The two Democrats pushed through the much-vaunted Wall Street Reform and Consumer Protection Act, which President Obama signed and touted as one of the signature accomplishments of his presidency.

That act, which included a micromanaging amendment on fees, carried a $2.9 billion implementation cost for that alone over five years, according to the Government Accountability Office.

It was nothing but the same old pandering to special interests. Named after Illinois Democratic Sen. Dick Durbin, the amendment limited fees that banks can collect from sellers when their customers make debit card purchases — cutting 44 cent fees to 21 cents.

That little bomb is now why battered Bank of America has no choice but to impose a $5 monthly fee — $60 a year — to consumers to make up for lost revenue.

The "economics of offering a debit card have changed with recent regulations," a bank spokeswoman told ABC News Friday.

BofA says it stands to lose $2 billion from the arbitrary Durbin price-fixing amendment and now has no choice but to make up for the lost revenue some other way.

Now that consumers will be stuck with that fee, they can thank Dodd, Frank and Obama for that special little spike in inflation tailored just for them.

Other banks, by the way, might follow. And like banks, consumers may respond in a way that is logical to their interests, too.

As banks are forced to impose fees, it would not be surprising if some consumers responded by moving to a cash economy — the kind they have in places such as Argentina and Zimbabwe, where government meddling has trashed the banking system.

That's what happens in all economies where a government attempts to legislate the transactions of willing buyers and willing sellers and impose its own vision of what prices for particular transactions should be.

And in the end, it's always the people at the bottom of the economic food chain who get it — consumers.

Which is interesting because Democrats claimed to be standing up for the little guy with this "reform." "American taxpayers, many of whom were significantly harmed by the financial crisis, would have shouldered none of the burden for implementing the legislation," Frank promised.

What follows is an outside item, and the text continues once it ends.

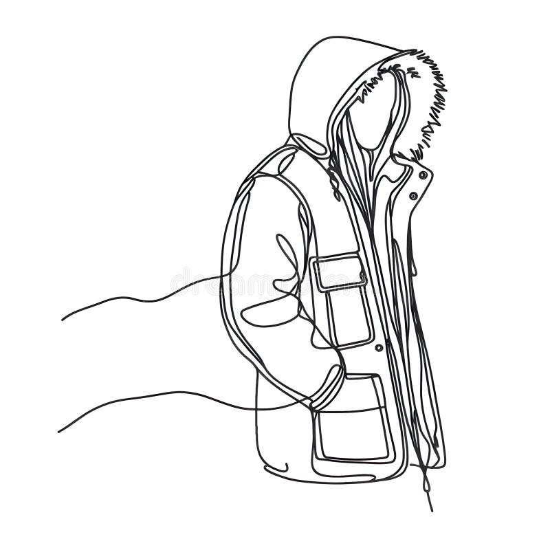 A Drawing Depicting a Cold weather Coat Featuring a Hood Adorned with

In those palmy days of 2010, the Democratic line was straight out of the Gilded Age: Banks are thieves. Wall Street vs. Main Street. Union thugs invading branch banks and busing in baying mobs to the home lawns of bankers.

Now the reality is here: Democrats' rabid intervention in market mechanisms is pushing costs onto consumers. Like taxes, fixing prices always passes costs down to the little guy. Until Democrats understand this, banks should be identifying the $5 charge as the Dodd-Frank-Durbin-Obama fee.